### SOURCE DATA:

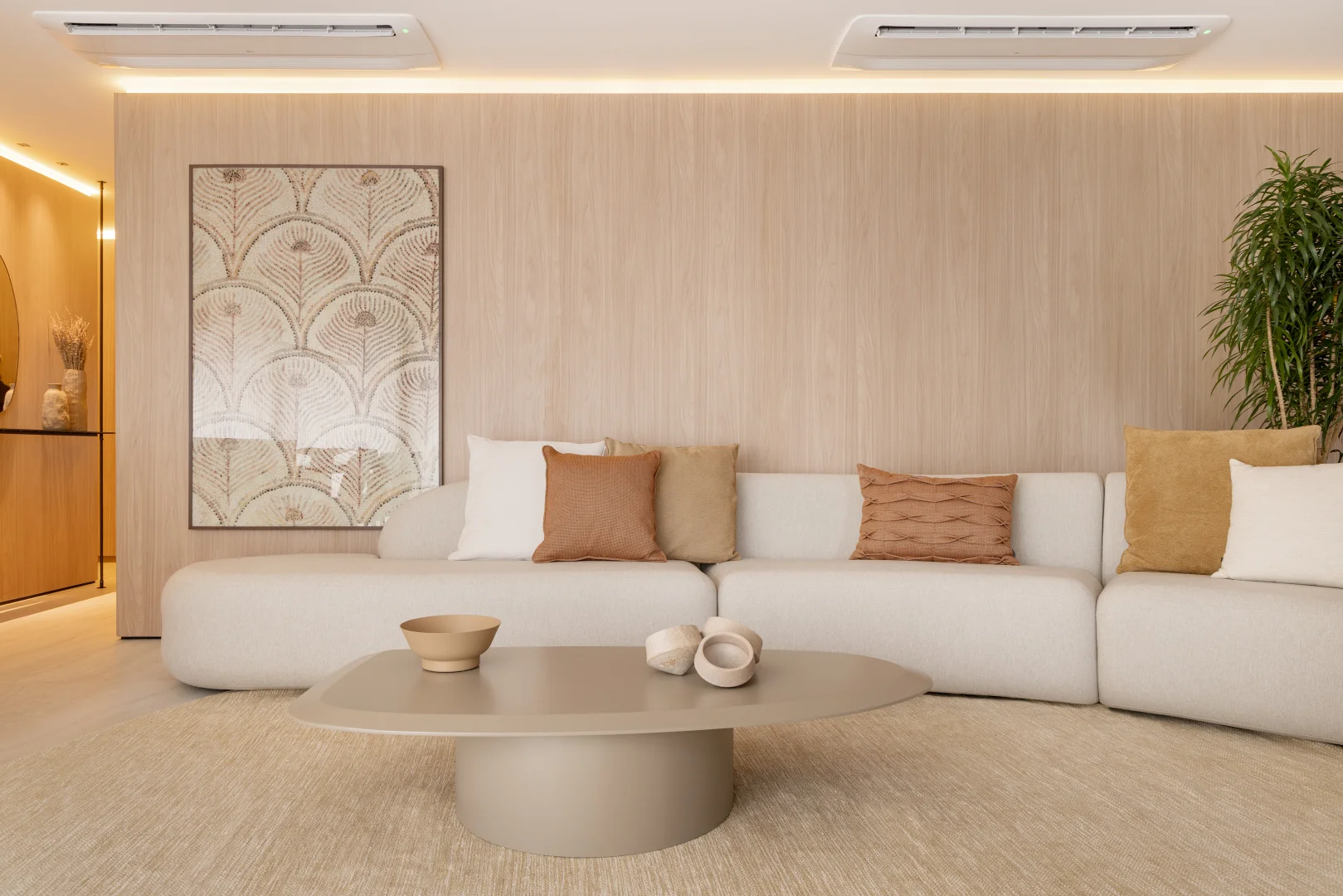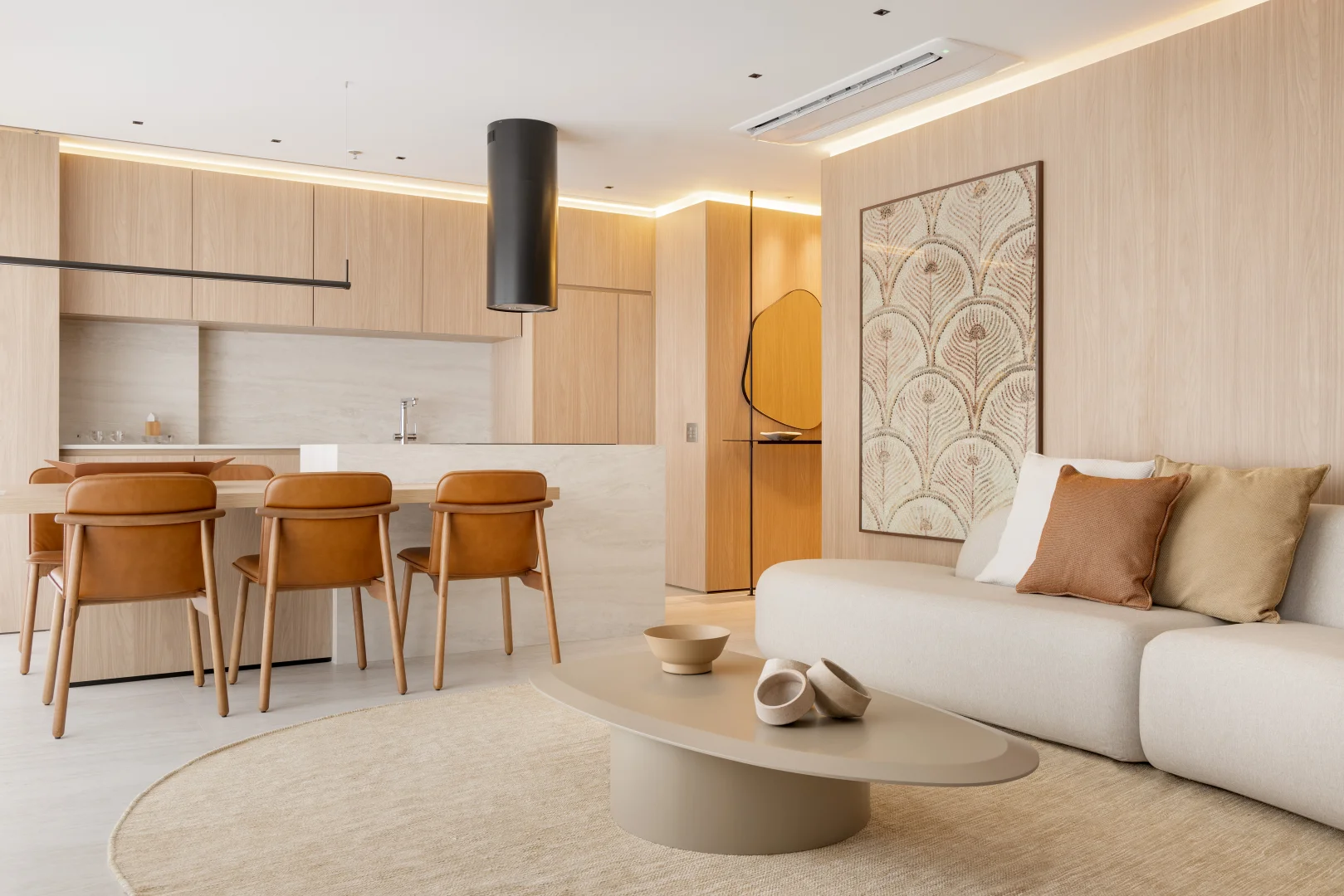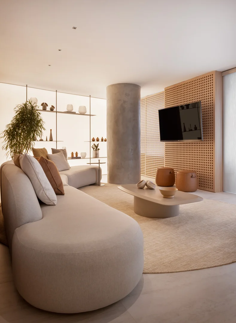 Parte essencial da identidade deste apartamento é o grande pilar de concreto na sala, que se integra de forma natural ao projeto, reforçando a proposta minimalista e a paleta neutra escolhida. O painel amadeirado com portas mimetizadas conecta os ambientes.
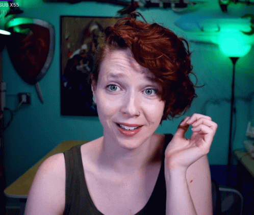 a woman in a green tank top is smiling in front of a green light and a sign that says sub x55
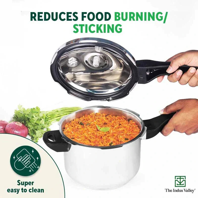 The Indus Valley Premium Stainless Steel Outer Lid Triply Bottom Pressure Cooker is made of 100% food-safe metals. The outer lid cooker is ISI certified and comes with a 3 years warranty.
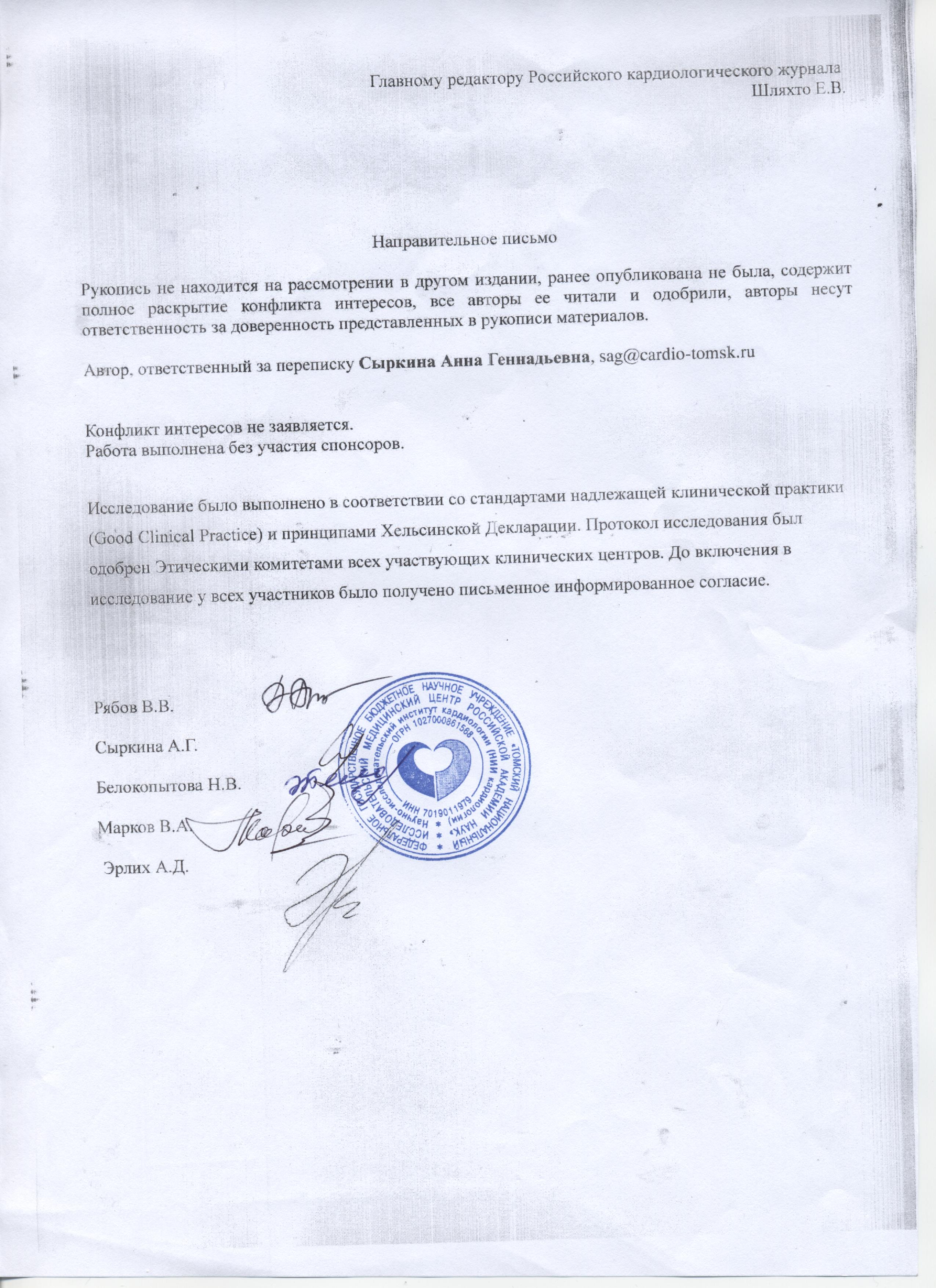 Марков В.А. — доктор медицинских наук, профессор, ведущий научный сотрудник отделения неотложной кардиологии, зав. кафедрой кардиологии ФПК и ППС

### ASSIGNMENT:
Your copy should consist only of the lines from the line holding "a woman in a" through the final line of the listing above, both included, with all pictures omitted.

### RESPONSE BOX:
 a woman in a green tank top is smiling in front of a green light and a sign that says sub x55
 The Indus Valley Premium Stainless Steel Outer Lid Triply Bottom Pressure Cooker is made of 100% food-safe metals. The outer lid cooker is ISI certified and comes with a 3 years warranty.
 Марков В.А. — доктор медицинских наук, профессор, ведущий научный сотрудник отделения неотложной кардиологии, зав. кафедрой кардиологии ФПК и ППС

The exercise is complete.